[DATA EXTRACT]:
------------------------------------------------

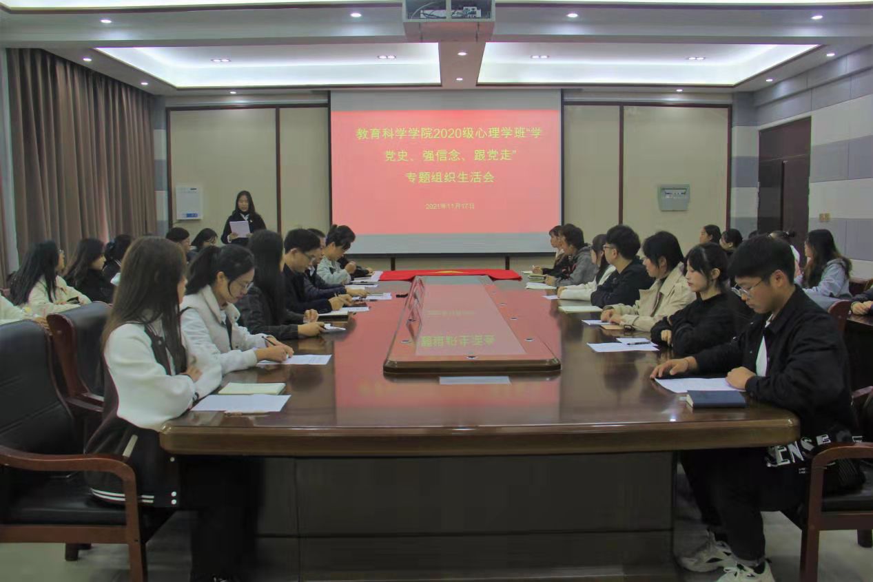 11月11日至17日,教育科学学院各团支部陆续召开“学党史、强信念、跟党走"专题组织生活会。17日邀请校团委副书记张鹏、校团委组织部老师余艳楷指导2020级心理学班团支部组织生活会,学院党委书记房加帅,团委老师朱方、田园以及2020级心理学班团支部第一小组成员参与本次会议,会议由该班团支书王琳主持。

------------------------------------------------

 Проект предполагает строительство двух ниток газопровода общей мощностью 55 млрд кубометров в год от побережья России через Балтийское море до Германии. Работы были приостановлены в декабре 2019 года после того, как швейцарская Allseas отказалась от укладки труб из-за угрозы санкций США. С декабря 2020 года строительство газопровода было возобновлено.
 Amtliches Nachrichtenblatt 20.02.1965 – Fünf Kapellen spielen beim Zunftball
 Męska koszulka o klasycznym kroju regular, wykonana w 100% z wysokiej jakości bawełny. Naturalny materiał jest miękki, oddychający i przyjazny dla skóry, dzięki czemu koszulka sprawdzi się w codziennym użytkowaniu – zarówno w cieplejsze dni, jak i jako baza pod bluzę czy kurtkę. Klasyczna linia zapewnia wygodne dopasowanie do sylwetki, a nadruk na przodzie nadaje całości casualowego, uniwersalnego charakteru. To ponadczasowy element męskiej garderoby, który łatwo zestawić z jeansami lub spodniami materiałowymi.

------------------------------------------------

[ASSIGNMENT]:
Working from the data above, extract solely the lines from the one containing "Проект предполагает строительство" through the one containing "Amtliches Nachrichtenblatt 20.02.1965", exactly as they appear, both included.

[OUTPUT BELOW]:
 Проект предполагает строительство двух ниток газопровода общей мощностью 55 млрд кубометров в год от побережья России через Балтийское море до Германии. Работы были приостановлены в декабре 2019 года после того, как швейцарская Allseas отказалась от укладки труб из-за угрозы санкций США. С декабря 2020 года строительство газопровода было возобновлено.
 Amtliches Nachrichtenblatt 20.02.1965 – Fünf Kapellen spielen beim Zunftball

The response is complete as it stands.